- Exercise directions:
In the records below, repeat word for word only the lines starting at the one that contains "- A neutral" and ending at the one that contains "而有時候(好似今年咁),佢會叫你講埋「other economic variables」,咁究竟咩係economic", pictures excluded.

- Material supplied:

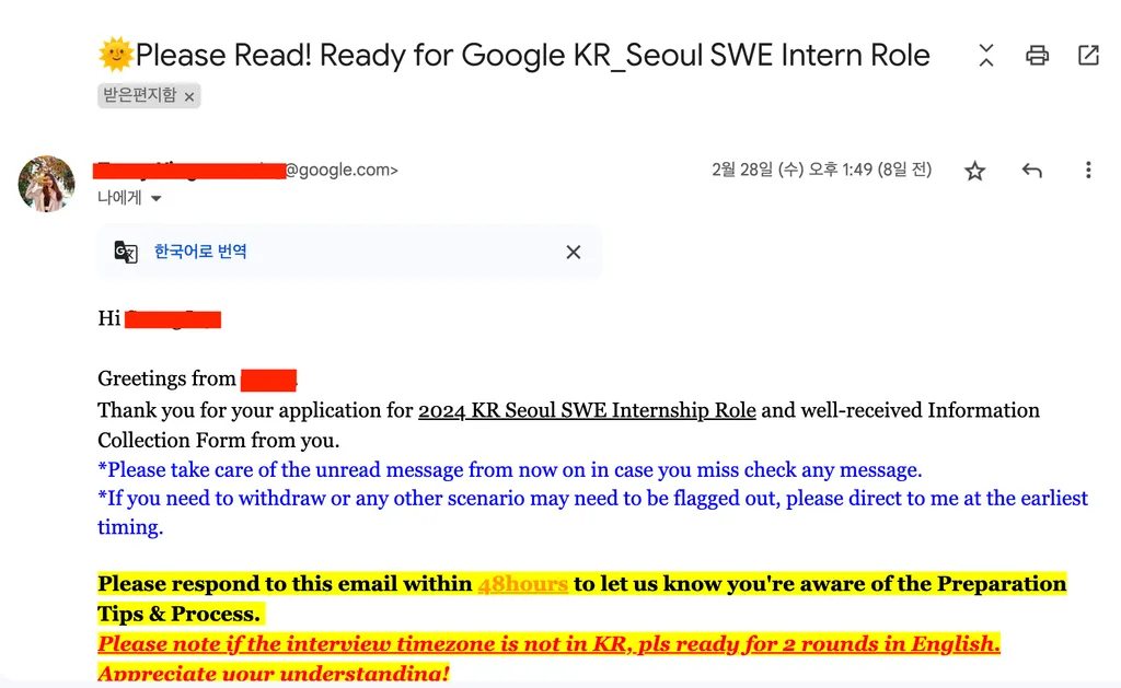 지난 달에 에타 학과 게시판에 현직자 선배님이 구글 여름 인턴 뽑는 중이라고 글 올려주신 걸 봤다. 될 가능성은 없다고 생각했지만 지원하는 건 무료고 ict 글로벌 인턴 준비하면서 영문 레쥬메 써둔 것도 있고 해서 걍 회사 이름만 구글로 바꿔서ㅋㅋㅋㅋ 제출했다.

* * *

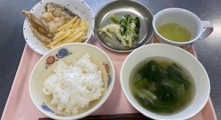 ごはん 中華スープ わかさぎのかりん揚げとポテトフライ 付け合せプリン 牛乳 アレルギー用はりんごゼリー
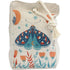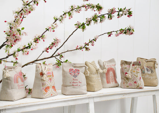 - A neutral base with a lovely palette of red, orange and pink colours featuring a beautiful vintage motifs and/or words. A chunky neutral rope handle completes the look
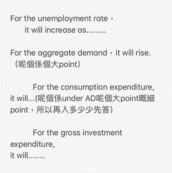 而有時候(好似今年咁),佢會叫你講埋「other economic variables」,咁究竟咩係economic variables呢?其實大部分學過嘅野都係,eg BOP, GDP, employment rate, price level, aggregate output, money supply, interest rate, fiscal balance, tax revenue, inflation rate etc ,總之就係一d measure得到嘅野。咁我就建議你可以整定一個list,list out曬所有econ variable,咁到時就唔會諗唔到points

- Result of this exercise:
 - A neutral base with a lovely palette of red, orange and pink colours featuring a beautiful vintage motifs and/or words. A chunky neutral rope handle completes the look
 而有時候(好似今年咁),佢會叫你講埋「other economic variables」,咁究竟咩係economic variables呢?其實大部分學過嘅野都係,eg BOP, GDP, employment rate, price level, aggregate output, money supply, interest rate, fiscal balance, tax revenue, inflation rate etc ,總之就係一d measure得到嘅野。咁我就建議你可以整定一個list,list out曬所有econ variable,咁到時就唔會諗唔到points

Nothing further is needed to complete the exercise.